Once I was done making that list (it took me an afternoon, round numbers) I made a folder on my computer called “Graduate School”. Inside that folder, I made two folders, “General Purpose” and “Schools”. The “General Purpose” folder would hold all the information that all schools seemed to want in some form or another – statement of purpose, resume, transcript, extracurricular activities list, work experience, and so on. The “Schools” folder contained a subfolder for each school, and housed not only the application materials for that school but also copies of any confirmation e-mails or webpages I received after completing the application (in case I needed to produce them later for some reason). This über-folder was backed up periodically to a server across town to protect against any major disasters.

The Statement of Purpose

This is the big one. This is the portion of the application that the people for whom you want to do research are likely to read – think of it as your “elevator pitch” for yourself.

Some people say that you should tailor your statement of purpose for each university to which you apply – since I was applying to ten different universities, this tactic didn’t seem feasible. You can say “Oh, a graduate degree from Stanford is the reason I was brought into this world; I will remake the world in Leland Stanford’s image with the help of Professor So-and-so, who I worship as a god among men!” but the people reading your letter won’t buy it. If you’re applying to a program because you’re really interested in X, and a professor in that program is a leader in the field on X, and you’ve had prior research experience in X, then mention it. Otherwise, leave it out because it does you no good.

Be honest, both with yourself and with the university to which you’re applying. I didn’t consider graduate school seriously until my junior year in college, and a lot of the places to which I was applying expected lots of prior research experience from their applicants that I honestly didn’t have. I knew they would notice it, so I came right out and said in my statement (not in so many words, you understand), “Look, I know that I haven’t published anything and that my research experience is kind of slim, but I’m really excited about this stuff and I know that I’ll be able to meet and exceed your expectations”.

Remember that this is not like college applications; your materials are not, by and large, going to be read by some faceless bunch of professional college application readers. The people reading your application are probably among the people whose classes you will take and whose research you will do. More importantly, they will be the ones who will fund you and they want to know that they’ll be getting their money’s worth.

Recommendation Letters

So many “how to get into graduate school” websites say that the key with recommendation letters is to get the ball rolling early, and I agree with them. One thing they don’t tell you often enough (and that they should tell you) is that your college’s letter service is your friend. Professors, especially at “research universities”, usually don’t like being bothered about letters of recommendation by undergraduates.
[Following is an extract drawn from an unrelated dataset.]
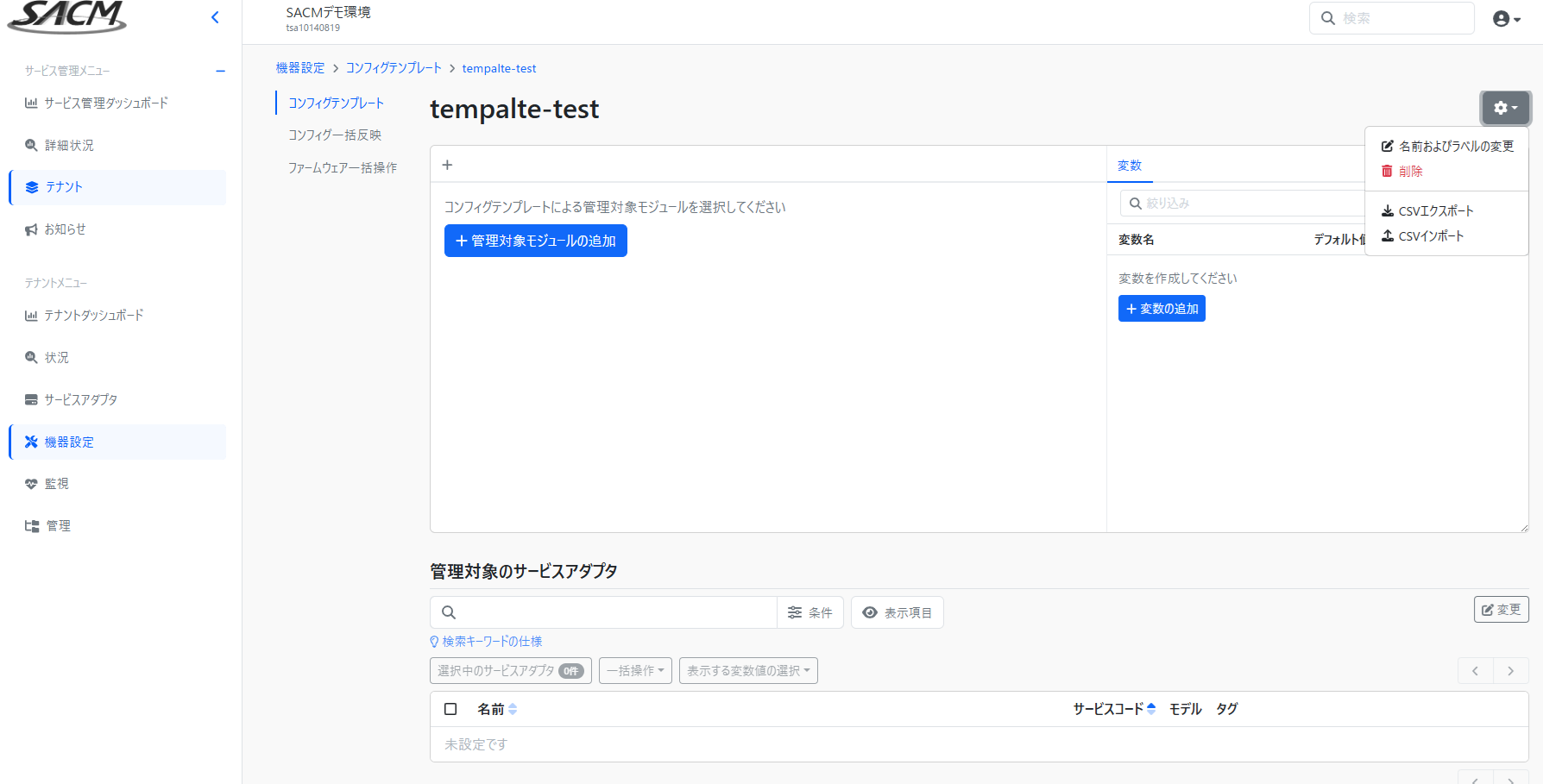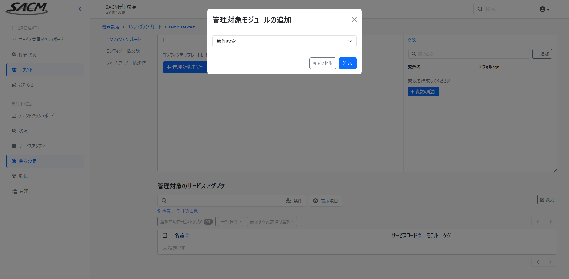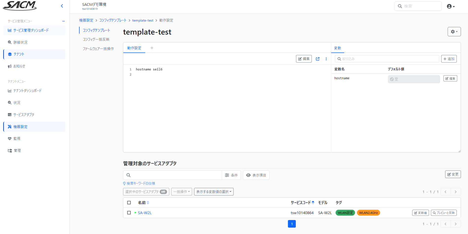 サービスアダプタを所属することでサービスアダプタ単位での変数値の変更やコンフィグテンプレートの反映ができるようになります。

It means that, in addition to writing the letter itself, they have to fill out forms and get envelopes and stamps and it takes time away from their work. Your goal is to be as unobtrusive as possible, and the campus letter service helps tremendously with that.

Letter services offer your recommenders the ability to write their letter once and send it to the letter service office along with some identifying information. The letter service then keeps these letters and (for a nominal fee) ships them off to whomever you want without any further involvement from the recommenders. Another plus of this method is that you don’t have to worry about getting all of your recommenders to send everything in on time – just fill out a form online and you’re good to go.

In short, start early, and if your university has a letter service then use it.

Keeping Track of Deadlines

You may be the most diligent person on Earth and have all your applications done well in advance of the deadline. If you’re like most of us, applying for graduate school isn’t the only thing you’re doing – you’re busy. I wrote down all the deadlines for my applications (which fell in a six week window between the middle of December and the beginning of February) and put countdown timers on my Google homepage. Every time I opened a browser, there they were, a grid of about a dozen numbers that kept getting smaller. If that won’t keep you on track, nothing will.

I hope that my experiences with this horrible, tedious process will prove useful to someone. Godspeed, applicants.

Victory

November 5th, 2008

I really don’t know what to say. Thank you to everyone who worked so hard to make this amazing turn of events (that I never thought would actually happen) possible. I know that the words “hope” and “change” have been thrown around pretty liberally by both sides in the past few weeks, but I really hope that this is a sign that the insanity of the past few years is slowly coming to an end.

Proposition 8 and its sister propositions in several other states passed, and I think that’s unfortunate, but expected. It shows, I think, that Americans cannot cleanly separate their politics from their religion. I’m sure there will be counter-propositions and counter-counter-propositions ad infinitum until someone decides to amend the Constitution. We’ll just have to wait and see.

I congratulate President-Elect Obama (that’s still sort of surprising to be able to say, isn’t it?) on his well-earned and decisive victory. Now comes the time when you make good on the promises that got you elected. Please don’t let us down.

Update: I don’t want that “cleanly separate politics from religion” bit to be construed as a slight to religion or the religious. I totally understand how deeply religious people must have been of two minds about this issue, and what I meant by that statement was that people can’t vote on something like gay marriage without being influenced by factors like their religious convictions and that this is exactly why this issue will continue to oscillate forever until some decision is made at the national level.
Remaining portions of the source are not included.